## Data:

▶

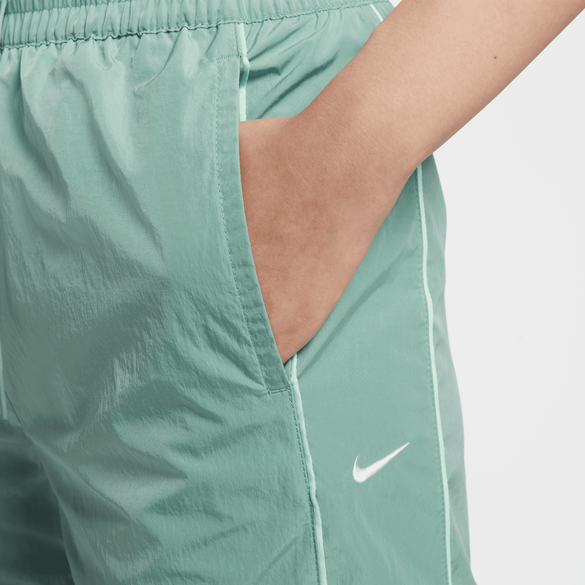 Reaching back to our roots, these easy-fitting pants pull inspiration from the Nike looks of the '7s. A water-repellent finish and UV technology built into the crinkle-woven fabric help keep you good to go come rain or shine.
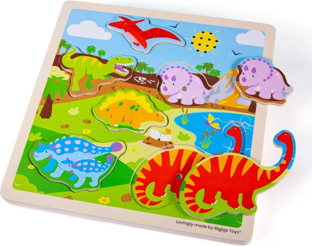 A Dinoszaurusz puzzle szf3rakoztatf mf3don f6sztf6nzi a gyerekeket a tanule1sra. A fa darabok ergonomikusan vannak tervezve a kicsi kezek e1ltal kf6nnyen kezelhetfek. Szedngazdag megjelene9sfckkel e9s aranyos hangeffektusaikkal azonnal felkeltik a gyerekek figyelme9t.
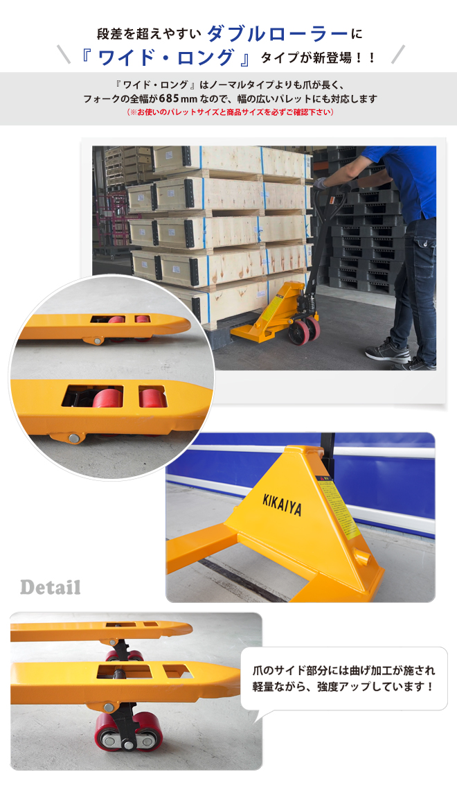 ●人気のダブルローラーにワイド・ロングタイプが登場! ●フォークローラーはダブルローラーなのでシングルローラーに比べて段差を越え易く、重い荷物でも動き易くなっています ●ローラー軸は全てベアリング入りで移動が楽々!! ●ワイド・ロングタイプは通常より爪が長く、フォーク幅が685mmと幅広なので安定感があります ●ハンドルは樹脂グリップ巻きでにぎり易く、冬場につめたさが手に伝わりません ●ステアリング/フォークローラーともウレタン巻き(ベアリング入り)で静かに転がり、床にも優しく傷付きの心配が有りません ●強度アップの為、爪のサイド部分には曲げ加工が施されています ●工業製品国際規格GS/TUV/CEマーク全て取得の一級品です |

◀

## Problem details:
Exclude the pictures from the copy. Retype exactly the lines running from the one containing "A Dinoszaurusz puzzle" through the last line of the listing.

## Result for this task:
 A Dinoszaurusz puzzle szf3rakoztatf mf3don f6sztf6nzi a gyerekeket a tanule1sra. A fa darabok ergonomikusan vannak tervezve a kicsi kezek e1ltal kf6nnyen kezelhetfek. Szedngazdag megjelene9sfckkel e9s aranyos hangeffektusaikkal azonnal felkeltik a gyerekek figyelme9t.
 ●人気のダブルローラーにワイド・ロングタイプが登場! ●フォークローラーはダブルローラーなのでシングルローラーに比べて段差を越え易く、重い荷物でも動き易くなっています ●ローラー軸は全てベアリング入りで移動が楽々!! ●ワイド・ロングタイプは通常より爪が長く、フォーク幅が685mmと幅広なので安定感があります ●ハンドルは樹脂グリップ巻きでにぎり易く、冬場につめたさが手に伝わりません ●ステアリング/フォークローラーともウレタン巻き(ベアリング入り)で静かに転がり、床にも優しく傷付きの心配が有りません ●強度アップの為、爪のサイド部分には曲げ加工が施されています ●工業製品国際規格GS/TUV/CEマーク全て取得の一級品です |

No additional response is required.